Task: For this exercise, retype every record below exactly and keep the pictures out.

Records contained in a dataset:
■ ■ ■ ■

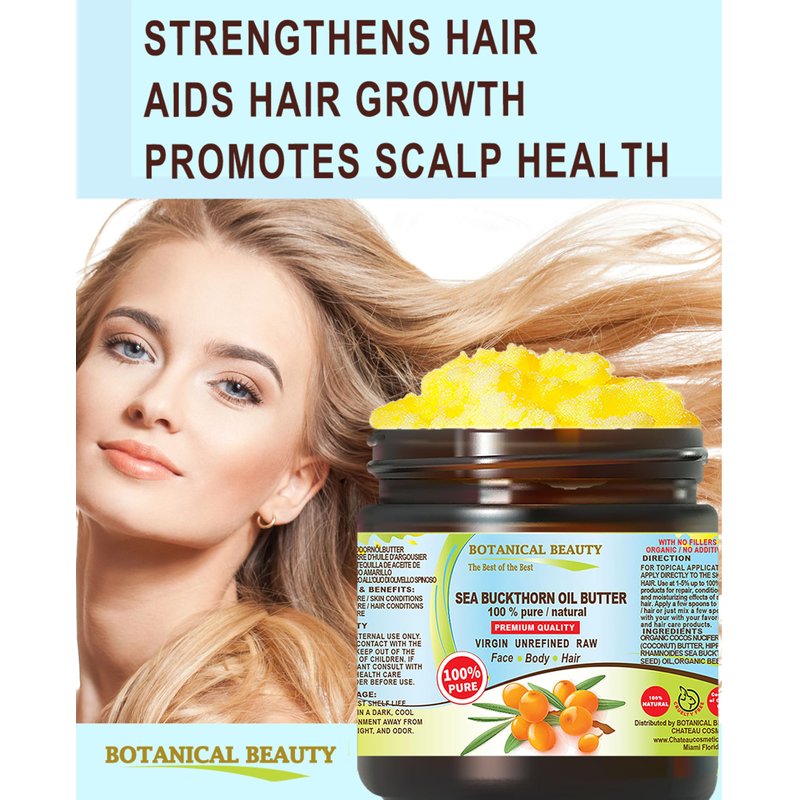 Botanical Beauty SEA BUCKTHORN OIL BUTTER Pure Natural Virgin Unrefined RAW 4 Fl. Oz.- 120 ml for FACE SKIN BODY HAIR NAILS, vitamin C
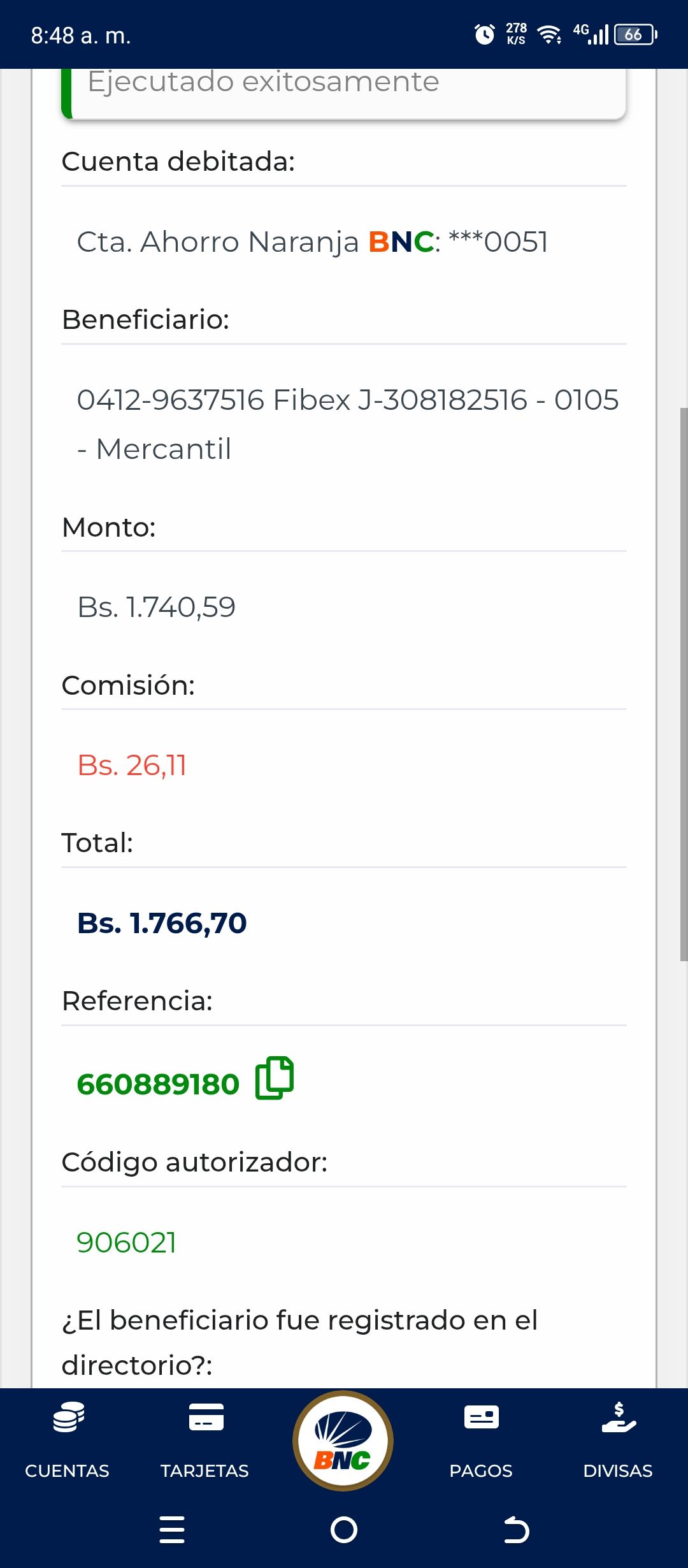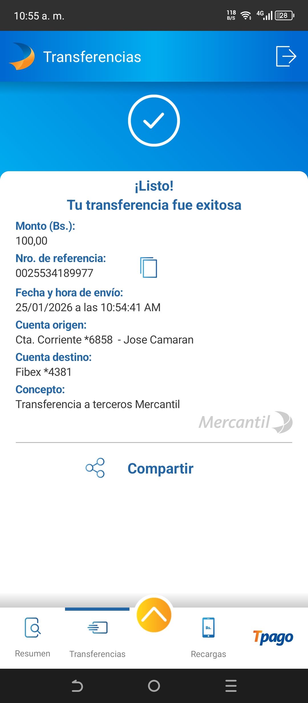| A16320 | CARLOS ALBERTO BLANCO RAMIREZ | 2026-01-25 | MERCANTIL-4381-ARAGU | 370118324753 | | 400.00 BS | 301.37 | REGISTRADO |
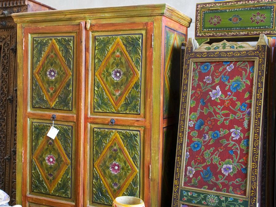 Finalizamos el paseo con un adorno muy típico, los relieves coloreados en vivos tonos. Suelen decorarse de esa forma los armarios y las alacenas.
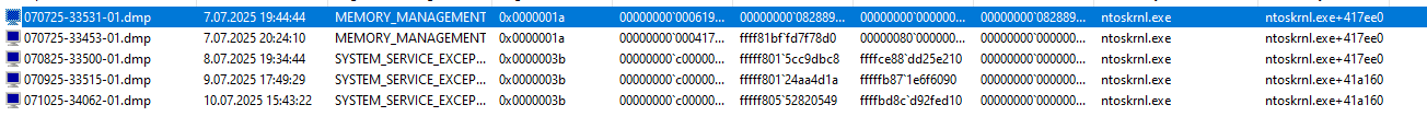 O zaman elimizdeki bilgilerle ilerleyelim. MEMORY_MANAGEMENT hatası ve SYSTEM_SERVICE_EXCEPTION hataları var. RAM testi yapalım diyeceğim. MemTest86 ile RAM testi yapıp sonuçları paylaşın. Mavi ekran alırsanız dump dosyasını atın.
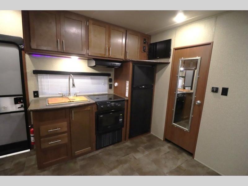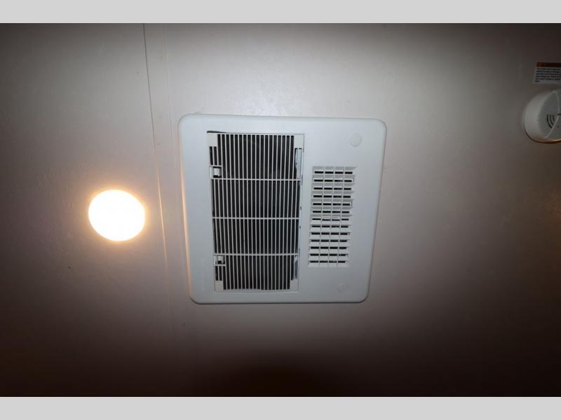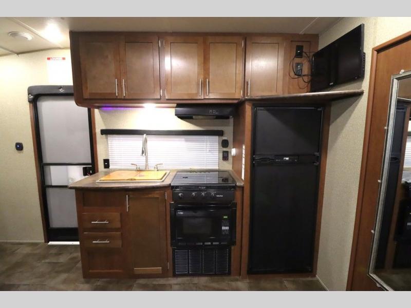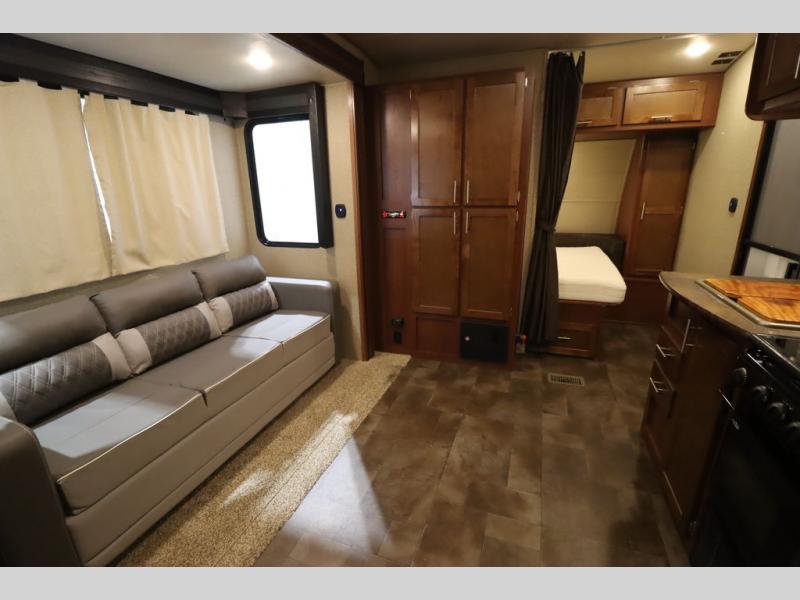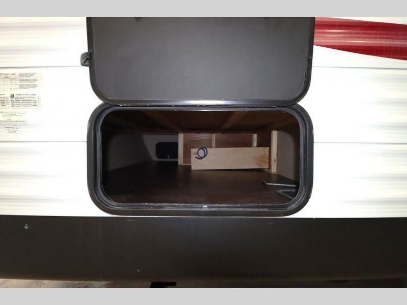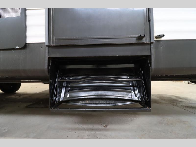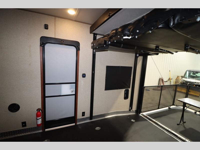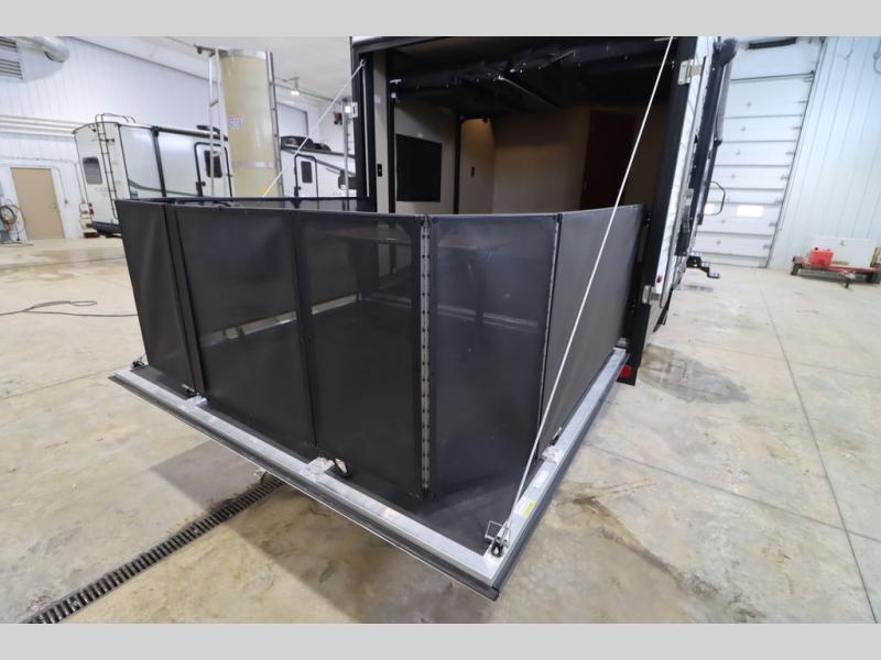 The rear of the travel trailer offers a large ramp door for easy loading and unloading all your toys. In the cargo area, there are dual opposing flip-up sofas and a free standing table. Plus there is a second entry into the trailer straight into the cargo area for quick access to your toys.

■ ■ ■ ■

Response for this exercise:
 Botanical Beauty SEA BUCKTHORN OIL BUTTER Pure Natural Virgin Unrefined RAW 4 Fl. Oz.- 120 ml for FACE SKIN BODY HAIR NAILS, vitamin C
| A16320 | CARLOS ALBERTO BLANCO RAMIREZ | 2026-01-25 | MERCANTIL-4381-ARAGU | 370118324753 | | 400.00 BS | 301.37 | REGISTRADO |
 Finalizamos el paseo con un adorno muy típico, los relieves coloreados en vivos tonos. Suelen decorarse de esa forma los armarios y las alacenas.
 O zaman elimizdeki bilgilerle ilerleyelim. MEMORY_MANAGEMENT hatası ve SYSTEM_SERVICE_EXCEPTION hataları var. RAM testi yapalım diyeceğim. MemTest86 ile RAM testi yapıp sonuçları paylaşın. Mavi ekran alırsanız dump dosyasını atın.
 The rear of the travel trailer offers a large ramp door for easy loading and unloading all your toys. In the cargo area, there are dual opposing flip-up sofas and a free standing table. Plus there is a second entry into the trailer straight into the cargo area for quick access to your toys.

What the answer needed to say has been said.